Just remember that not everybody is your customer. “What’s that supposed to mean? I need anyone that I can get, right?” Depending on what you provide, there will always be a target customer. By now, your market research and business plan should have given you a clear picture of your ideal customer’s profile. The profile is particularly important when you’re using marketing techniques. 

Cultivate everlasting business relationships.

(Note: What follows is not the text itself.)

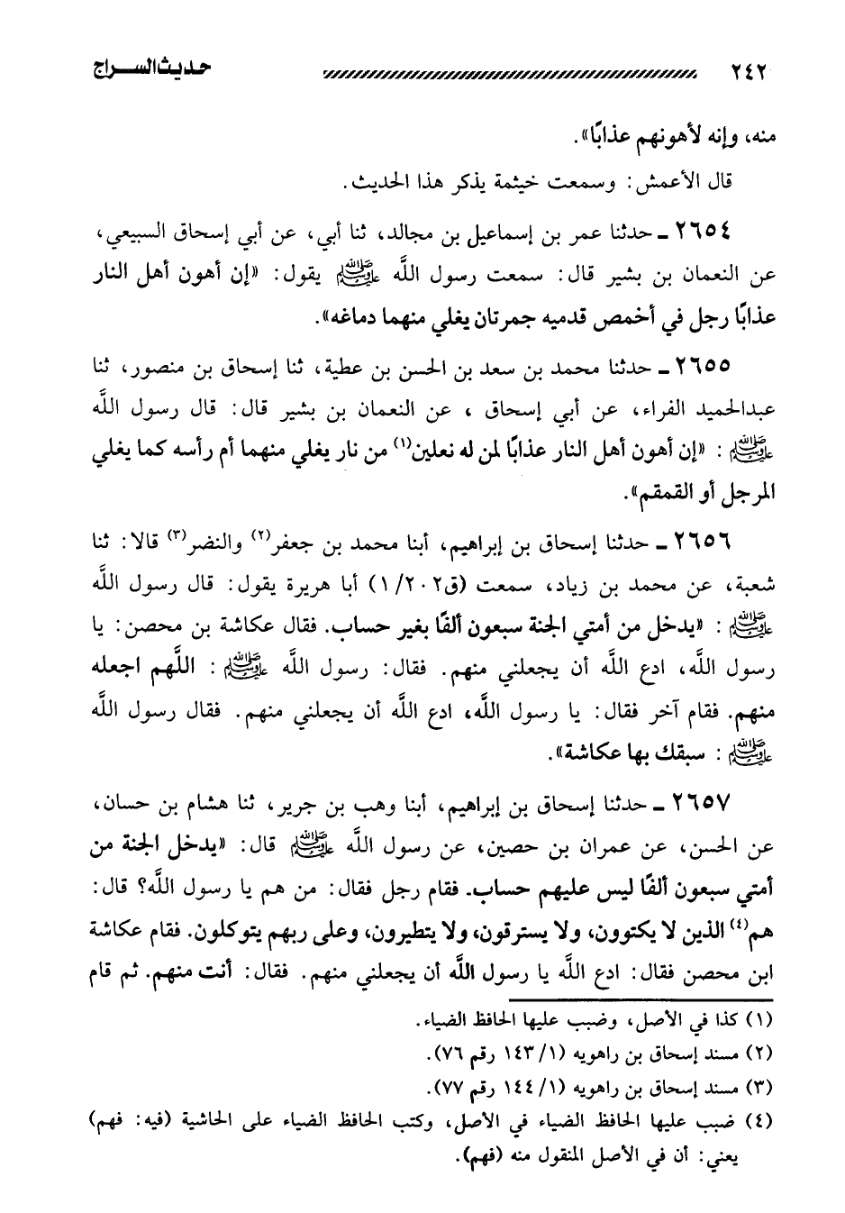 2656- حدثنا إسحاق بن إبراهيم، أبنا مُحَمَّدُ بْنُ جَعْفَرٍ وَالنَّضْرُ قَالا: ثنا شُعْبَةُ، عَنْ مُحَمَّدِ بْنِ زِيَادٍ، سَمِعْتُ أَبَا هُرَيْرَةَ يقول: قال رسول الله صلى الله عليه وَسَلَّمَ: ((يَدْخُلُ مِنْ أُمَّتِي الْجَنَّةَ سَبْعُونَ أَلْفًا بِغَيْرِ حِسَابٍ. فَقَالَ عُكَّاشَةُ بْنُ مِحْصَنٍ: يَا رَسُولَ اللَّهِ، ادْعُ اللَّهَ أَنْ يَجْعَلَنِي مِنْهُمْ. فقال: رسول الله صلى الله عليه وسلم: اللَّهُمَّ اجْعَلْهُ مِنْهُمْ. فَقَامَ آخَرُ فَقَالَ: يَا رَسُولَ اللَّهِ، ادْعُ اللَّهَ أَنْ يَجْعَلَنِي مِنْهُمْ. فقال رسول الله صلى الله عليه وسلم: سَبَقَكَ بِهَا عُكَّاشَةُ)) .

Cultivate everlasting relationships.

2. Customer Retention 
As Tim Berry says, you might be mistreating your best clients. Are you exploiting the people who’ve been with you for a long time? Older/repeat customers deserve “the best rates and the best treatment”. You might be so focused on obtaining as many new customers as possible, that your reliable clients get sidelined.
This also goes in line with quality vs. quantity, i.e. managing business growth while maintaining your dedication & excellence. As your company expands, you might find that it’s difficult to pay as much attention to your clientele as you did in the beginning. If budget allows for it, perhaps you could eventually establish a team/department to manage customer support and service.
Essentially, you have to strike a balance. It’s usually the customer-centric enterprises that garner the most attention and positive results. This entails: exceeding your audience’s expectations; developing your products and services according to the customer’s needs and wants; and putting effort into fostering long-lasting relationships/partnerships/networks. The bottom line is: keep your customers happy, because the angry ones could spell disaster. 
3. Customer Expansion
Growing your customer base will always be a small business goal. Of course, the best way to expand the business is if you could sit back and do nothing – no marketing, no spending time or money… but how?
Well if you’re lucky, written testimonials and word-of-mouth referrals could go a long way in promoting your company. But for this you have to be more than exceptional and have great clients too. If you’re not that lucky (or that good), then here are some tips:
Show that you're professionals.

Show that you’re professionals.

a) Brand building in the face of tough competition – Differentiate yourself from competitors by: 
–> Establishing yourself as a leader/expert in your industry/field. Do this by writing articles, showcasing guest blog posts, publishing whitepapers and eBooks, creating video tutorials, etc.
–> Connecting with your customers. Social media (as we all know) has gotten a lot of hype for its effective marketing abilities. That’s because it’s quick, more personal, and efficient. Find out  which social networks your customers lounge on, reach out to them there, and provide them with useful/interesting content. Respond to all customer queries AND negative posts, and use the social platforms to build your reputation. 
b) Incentivize, reward, expand – Everyone loves a prize or a discount. Motivate your current clients to buy, and invite new ones to try out your products/services, by offering:
–> Social media contests
–> Daily deals (through sites like Groupon)
–> Special rates for a limited time, through your website or other online profiles 
4. Customer Deletion 
I had to add this section, because no matter how large and successful your business becomes, there will always be customer loss. Sometimes, though, it’s not your fault. It’s theirs.
Bin the bad customers.

Bin the bad customers.

There are customers that just not worth the time, effort, and resources that you spend on them. Getting rid of customers might sound like a ridiculous idea for a small business, but at some point, you might change your mind.
Clients from hell always seem to crop up, no matter how hard we try to avoid them. If a customer is being a ‘certified orifice’, then maybe it’s time to let go. So how does one do that?
“Consider changing your pricing or policies, perhaps, to allow the clients who are hardest to manage to fall gently out of your client base…”
– – –
And there you go. Time to start selling.